Mideo Cruz's sudden ascent to popularity (or notoriety) platform is...I can't even finish this sentence. Although, this ruckus has been going on for days too many I'm ashamed to say it is only now that I dared Google the "art" for myself. I've read news about it with ample description of the bold and the daring. I could only trust my mind to paint the picture for me. "I closed my eyes and all the world dropped dead," as Plath once wrote, but I didn't make the vision up inside my head. I feel sad for Mideo.

It is like he's been trying to speak to the world too long, but the world just wouldn't listen. His presence had to be acknowledged so he sat on an A-Bomb in the middle of the square. People stopped and paid attention, way too much attention.

In an interview with Reuters, he said his work “is about the worship of relics and how idolatry evolves through history and modern culture.” The medium that he produced for that message may be right but his message is wrong. No one worships relics but pagans. Thus, using Catholic symbols is inappropriate. Mr. Cruz needs to reach enlightenment before he can call a spiritual experience names. He needs to attain Nirvana before he can assign symbols to another's personal grace. Spirituality is an individual experience. It is not a concept drawn from several characteristics of specific samples.

This leads me to Leo Tolstoy's concept of "What is art."*

In 1898, Leo Tostoy wrote his major work on criticism, What Is Art?, as an attempt to define art in terms of his own Christian faith.

Tolstoy states that good art is a means of communication, of progress, and of the movement of humanity forward toward perfection (Smith and Parks, 677).

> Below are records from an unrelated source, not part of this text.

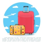 밝은 여행 가방 나 하늘에 비행기 | 프리미엄 벡터
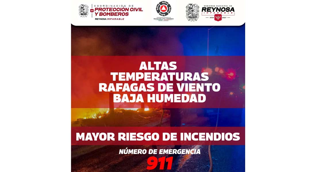 Reynosa, Tam.- El Presidente Municipal Carlos Peña Ortiz hace un llamado a la conciencia ciudadana, para que eviten encender fuego con cualquier motivo, así como tirar colillas de cigarro sin apagar, para evitar incendios que debido a las condiciones climáticas pueden ser difíciles de controlar.
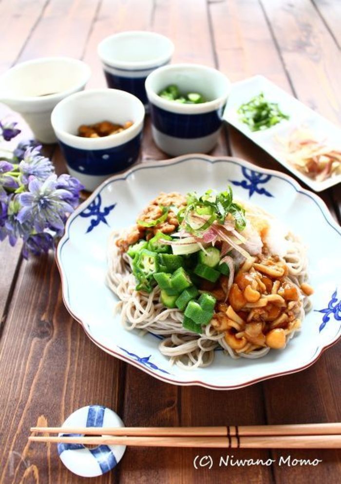 和食献立♪暖かくなる季節にぴったり!食べ応え十分ながら、梅しそでさっぱり食が進むぶっかけ蕎麦。
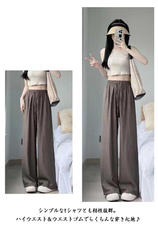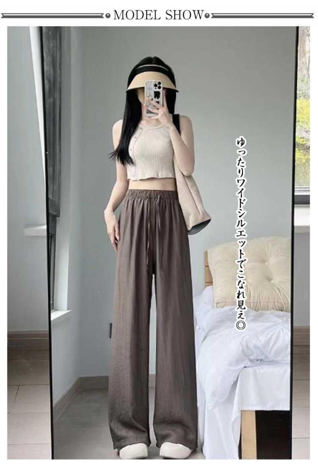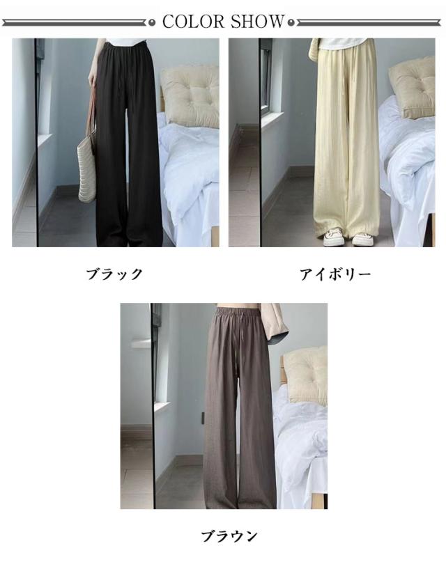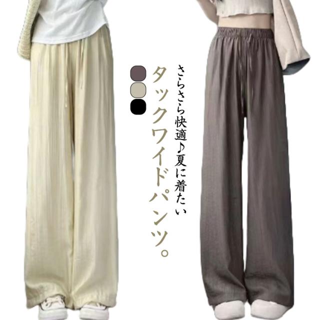 ロングパンツ レディース 薄手 ワイドパンツ ガウチョパンツ イージーパンツ ひんやり 涼しい ボトムス ズボン UVカット さらさら ワイド ガウチョ シワ加工 ワイドパンツ 長ズボン リラックス ウエストゴム ゆったり 体型カバー
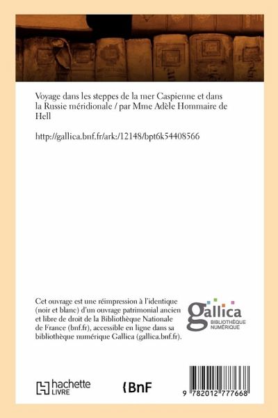 Voyage dans les steppes de la mer Caspienne et dans la Russie meridionale / par Mme Adele Hommaire de HellDate de l'edition originale: 1860Sujet de l'ouvrage: Steppes -- RussieSteppes -- KazakhstanCe livre est la reproduction fidele d'une oeuvre publiee avant 1920 et fait partie d'une collection de livres reimprimes a la demande editee par Hachette Livre, dans le cadre d'un partenariat avec la Bibliotheque nationale de France, offrant l'opportunite d'acceder a des ouvrages anciens et souvent rares issus des fonds patrimoniaux de la BnF.Les oeuvres faisant partie de cette collection ont ete numerisees par la BnF et sont presentes sur Gallica, sa bibliotheque numerique.En entreprenant de redonner vie a ces ouvrages au travers d'une collection de livres reimprimes a la demande, nous leur donnons la possibilite de rencontrer un public elargi et participons a la transmission de connaissances et de savoirs parfois difficilement accessibles.Nous avons cherche a concilier la reproduction fidele d'un livre ancien a partir de sa version numerisee avec le souci d'un confort de lecture optimal. Nous esperons que les ouvrages de cette nouvelle collection vous apporteront entiere satisfaction.Pour plus d'informations, rendez-vous sur www.hachettebnf.frhttp: //gallica.bnf.fr/ark: /12148/bpt6k54408566
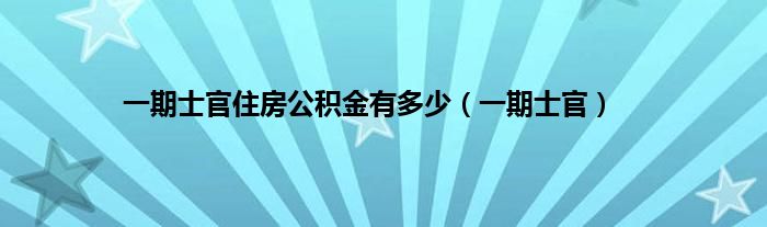 以上就是【一期士官住房公积金有多少,一期士官】相关内容。
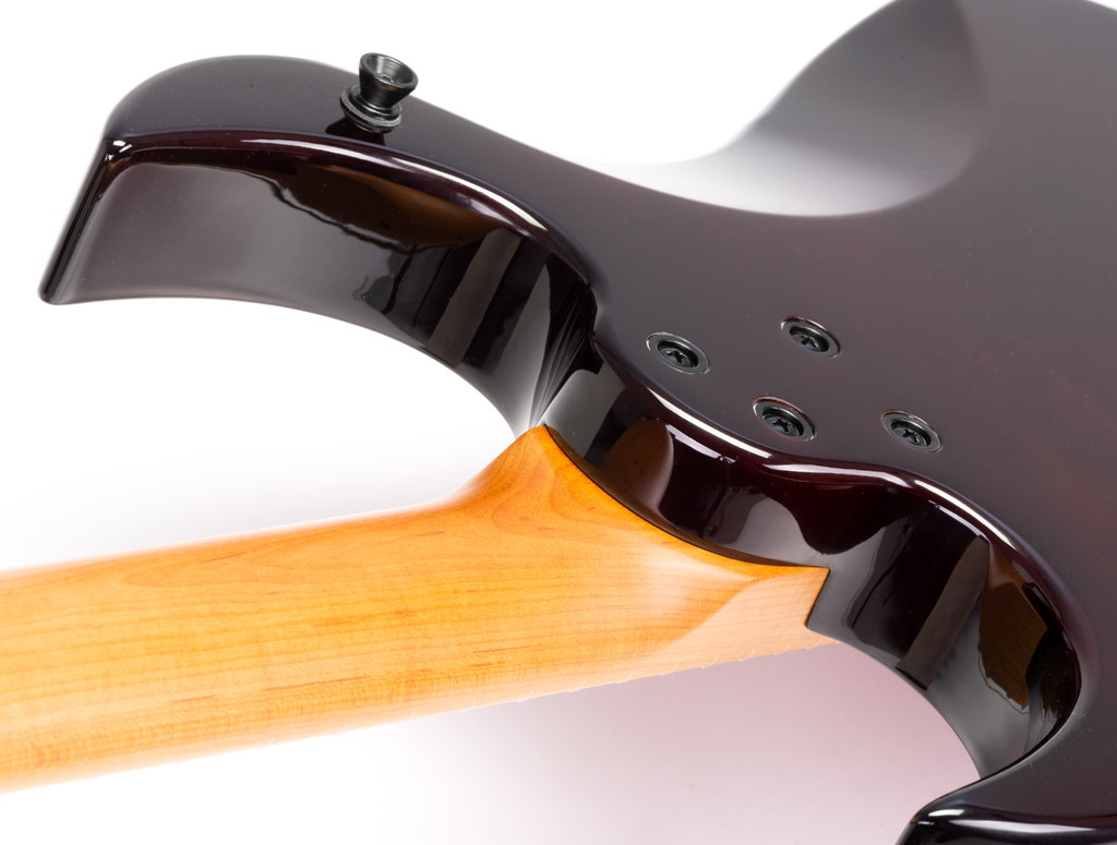 Die Thermobehandlung des Ahornhalses, der in Höhe der Bünde 1-3 großflächig geschäftet wurde, erkennt man schon an seiner bräunlichen Färbung. Das Ahorngriffbrett ist aufgeleimt, man spricht von „Maple Cap”. Die äußerst präzise gefräste Halstasche lässt keinerlei seitliche Bewegung zu. Sitzt, passt und hat null Luft. Vier einzeln unterlegte Schrauben garantieren eine stabile Verbindung mit bester Schwingungsübertragung.

What Is Art? envisions a kind of art that is accessible and comprehensible to everyone, and that which unifies men into universal brotherhood. For this to materialize a work of art should evoke "infectiousness" to the reader. "The stronger the infection, the better is the art" (675).

According to Tolstoy, there are three conditions to the degree of the infectiousness of art. These are the individuality of the feeling transmitted, the clarity of expression and the sincerity of the artist. By individuality, he means, the more personal the feeling art transmits, the more strongly the reader relates to it. By the clarity of expression, he means that in the work, the reader finds for the first time the exact meaning and expression for the feeling he has long known and felt. Of the three conditions of infectiousness, the degree of sincerity in the artist is the most important. For when the receiver of the art feels that the artist himself is infected by his own work, and the artist creates art for himself and not only for others, the mental condition of the artist infects the receiver (677).

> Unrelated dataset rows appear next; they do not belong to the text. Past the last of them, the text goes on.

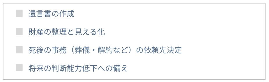 おひとり様相続では、「相続」だけでなく生前から死後までを一体で考えることが重要です。
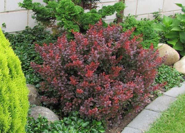 - Épine-vinette Thunberg décorative (les fruits sont petits et non comestibles, peuvent atteindre 1,5 mètre).
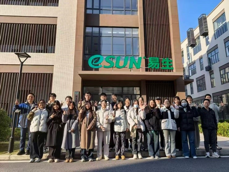 在研发人员的带领和讲解下,同学们走进易生新材料武汉创新中心的实验室进行实地参观,观察了聚乳酸材料的各类样品,并在3D打印、复合材料制备等实操设备前驻足交流,切身感受到材料科技的转化应用与企业创新文化,对生物基材料的广阔前景有了更直观深刻的理解。
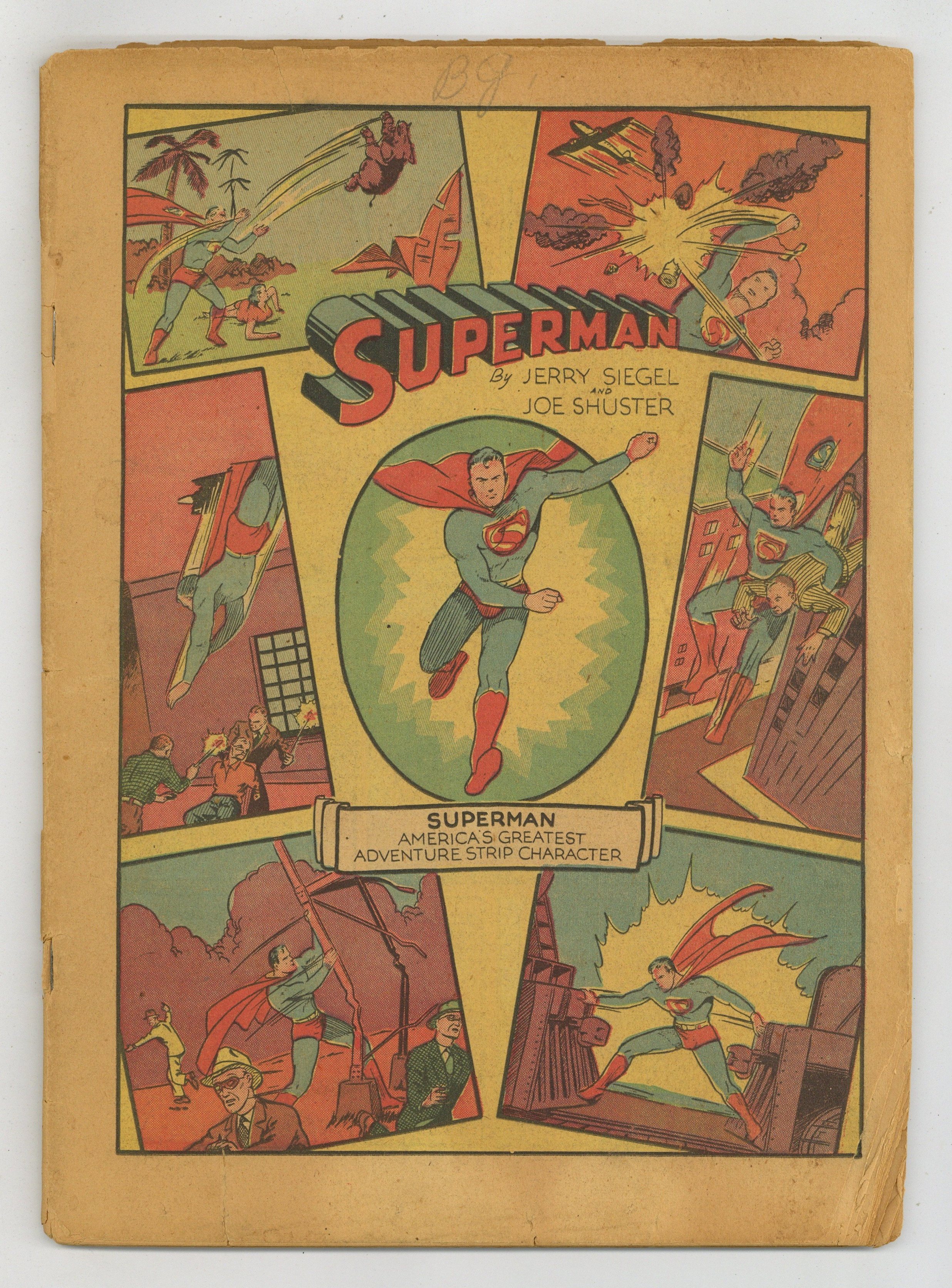 Tags: Superman$225.00- COVERLESS. INCOMPLETE. Centerfold missing, large piece from page 10 of the "Mystery in Swasey Swamp" story torn out, affects readability. First wrap detached and almost completely split. Brittle.
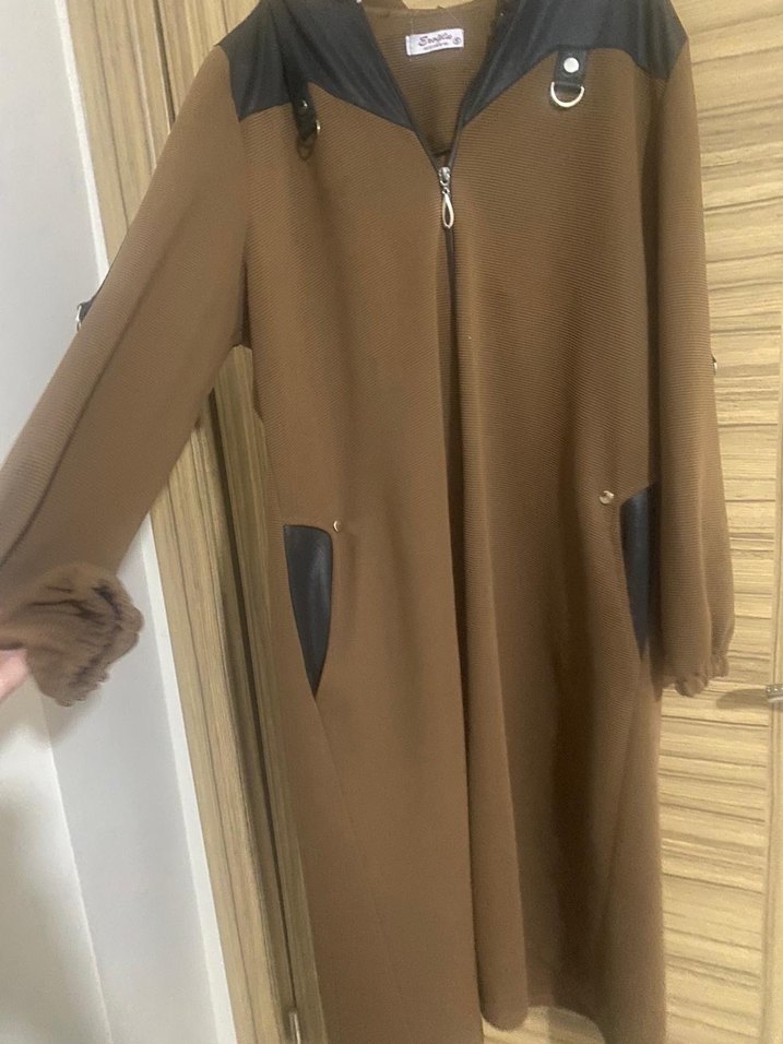 Kadın kahverengi süet uzun kaban, kruvaze yaka ve bol kesimlidir. Uzun kollu, fermuarlı ve omuz ile ceplerinde siyah detaylar bulunur, günlük rahat sokak stili için uygundur.

Tolstoy further states that the absence of any of these conditions excludes a work from the category of art and falls under what he calls a "counterfeit art."

But what is good art and what is bad art in terms of subject matter?

The essence of Christian perception is the recognition by every man of his sonship to God and the feeling that will unite him with God and one another. If religious perception exists in the society, then art should aim at this and be appraised on the basis of this religious perception.

However, a great amount of counterfeit art had been developed to entertain the upper class of the Renaissance period due to the unbelief of religion by this group. The great misfortune of the time was that people did not embrace the supreme religious art but rather that which was against Christian principles.

Be that as it may, the Christian ideal has changed and reversed everything. As Tolstoy puts it, the ideal is no longer about the greatness of an individual, but his humility, purity, compassion and love. The hero is no longer Mary Magdalene in the days of her beauty, but in the day of her repentance.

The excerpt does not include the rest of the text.